Belanja cerdas bukan berarti membeli yang termurah.
Belanja cerdas adalah membeli yang paling memberikan manfaat dalam jangka panjang.
Mereka juga memiliki kebiasaan yang patut ditiru: sebelum membeli sesuatu, mereka mempertimbangkan apakah barang itu benar-benar akan memperbaiki kualitas hidup mereka.
Jika jawabannya tidak jelas, mereka tidak merasa rugi karena tidak membeli.
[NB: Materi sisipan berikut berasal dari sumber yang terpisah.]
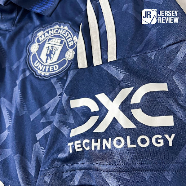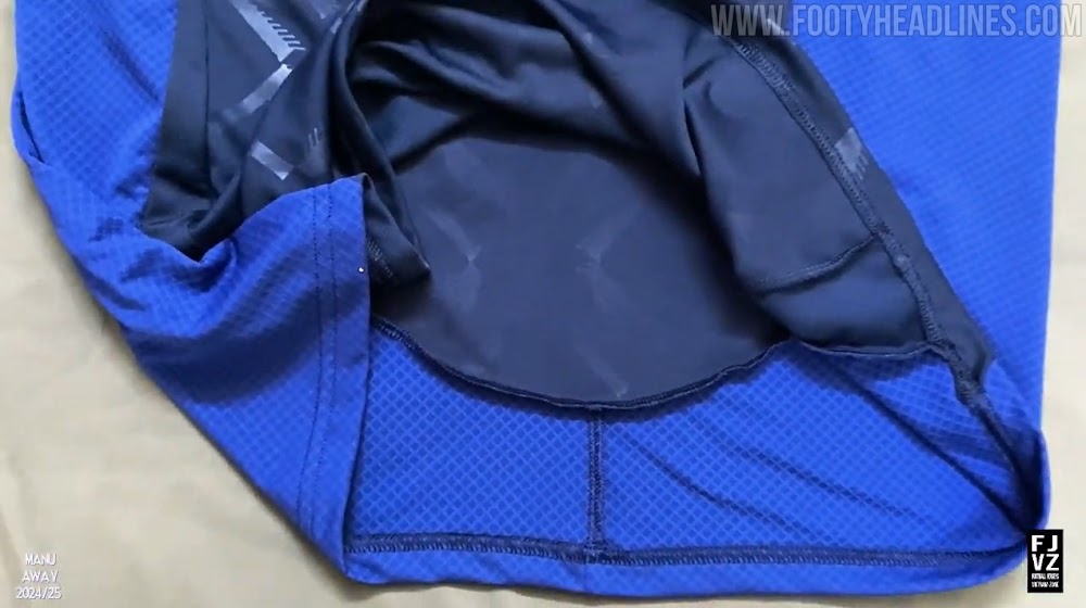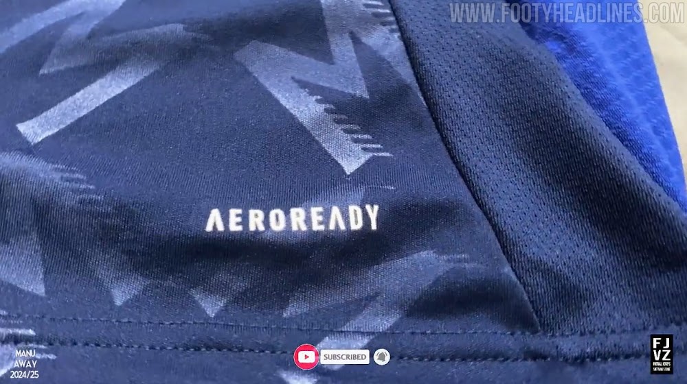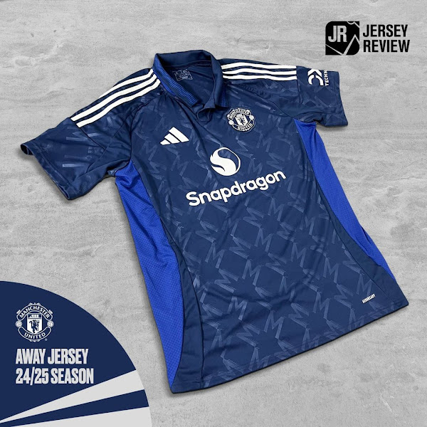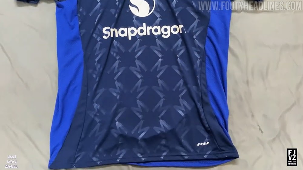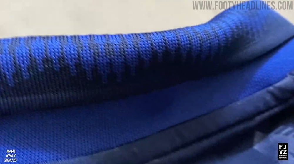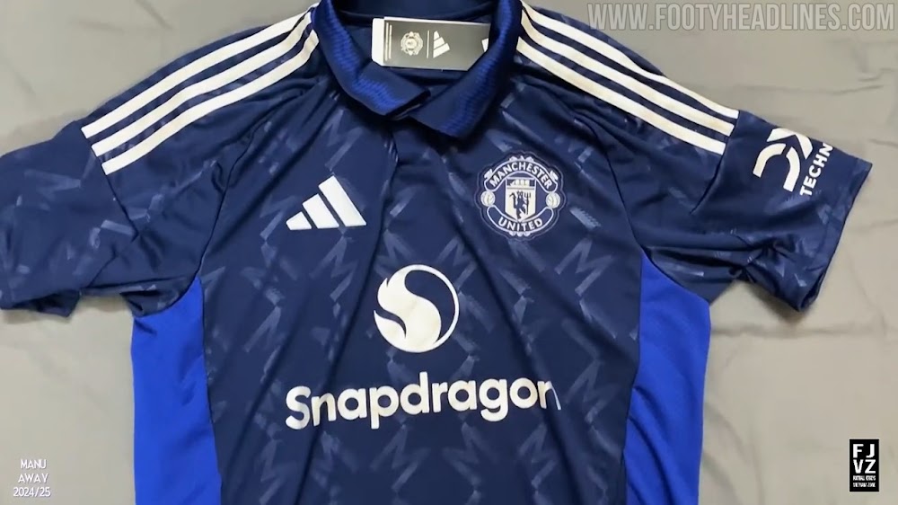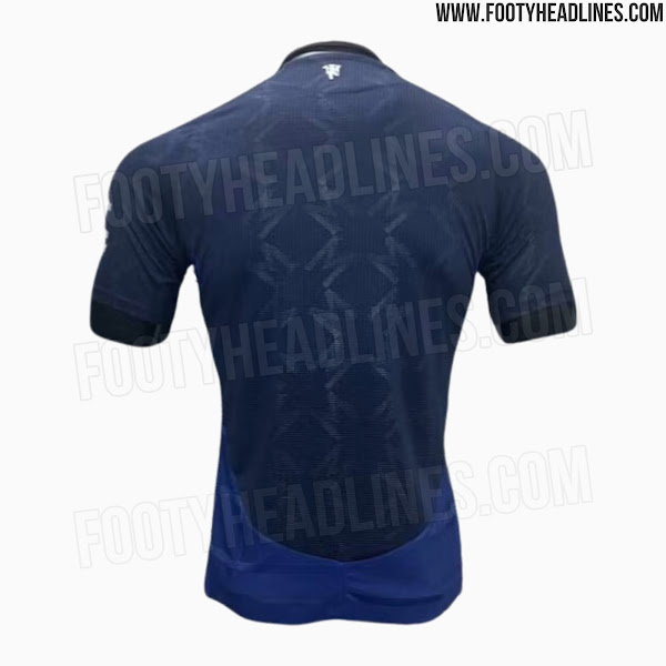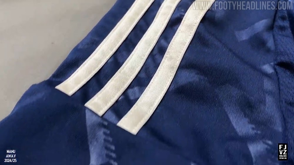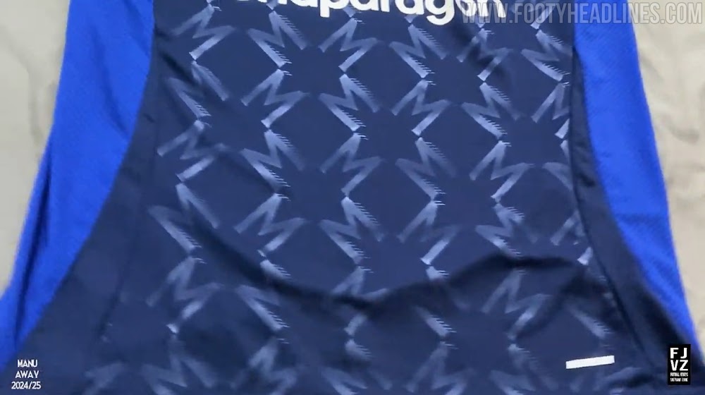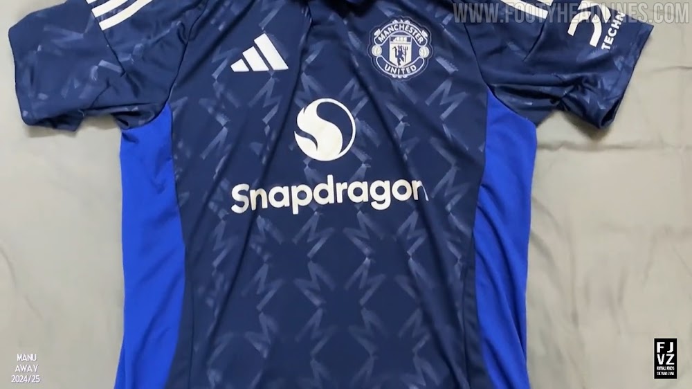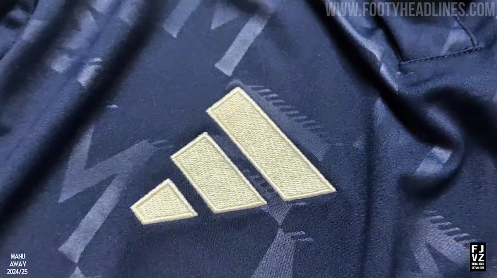 Update: Six fantastic pictures of the Adidas Manchester United 24-25 away shirt have been shared by football kit channel @jerseyreview. They greatly show off the pattern and the different shades of blue the shirt features.
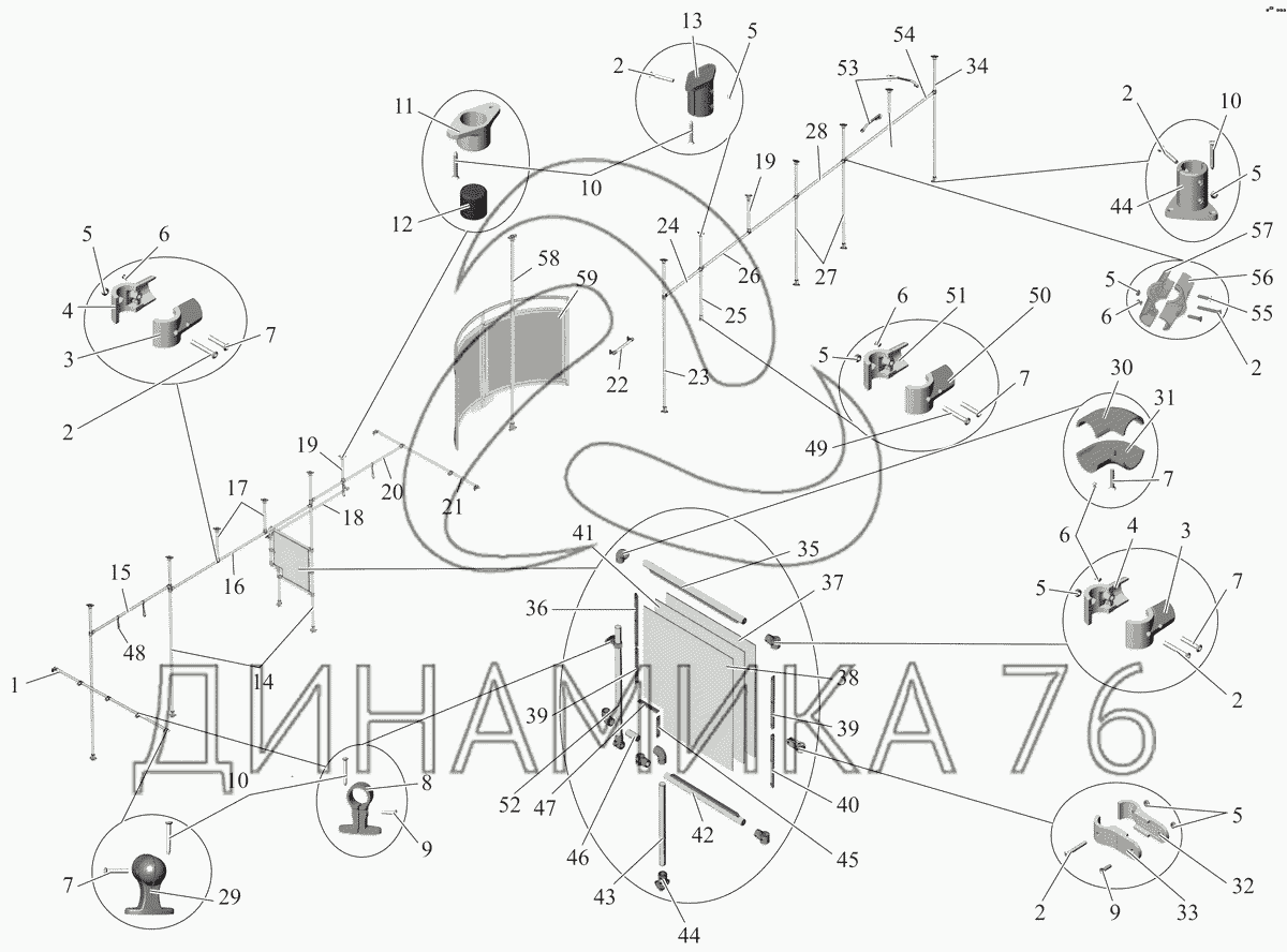 Перечень комплектующих от Установка поручней (слева) на МАЗ-105 (2011)
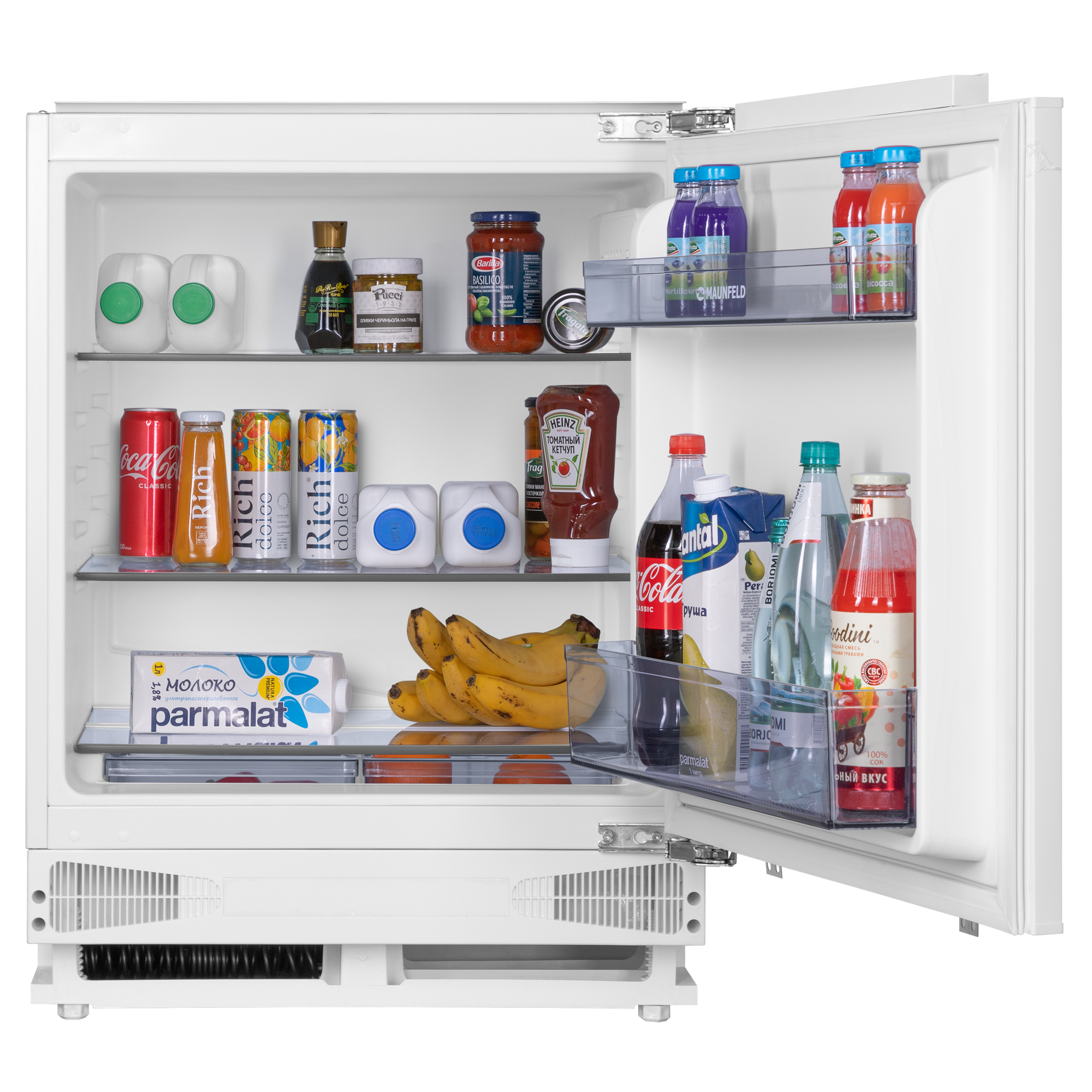 Компактный встраиваемый холодильник высотой 88 см. Общий объем холодильной камеры, имеющей динамическое охлаждение — 137 л.

Sebaliknya, mereka justru merasa beruntung karena berhasil menyimpan uang untuk kebutuhan yang lebih penting.
Di tengah budaya konsumtif saat ini, pepatah Jepang tersebut menjadi semakin relevan. Banyak orang mengejar harga murah, tetapi lupa menghitung biaya tersembunyi: barang cepat rusak, harus diganti, membutuhkan perawatan lebih mahal, atau bahkan hanya menjadi penghuni gudang.
Sesungguhnya, keputusan belanja yang paling menguntungkan bukanlah ketika kita mendapatkan diskon terbesar.
Melainkan ketika kita mampu berkata dengan tenang,
“Saya tidak membutuhkannya.”
Karena kekayaan seseorang bukan ditentukan oleh seberapa banyak barang yang dimilikinya, melainkan oleh seberapa bijaksana ia menggunakan setiap rupiah yang diperolehnya.
Pepatah Jepang itu mengajarkan sebuah prinsip sederhana namun mendalam: hemat bukan berarti membeli yang murah, melainkan membeli yang benar.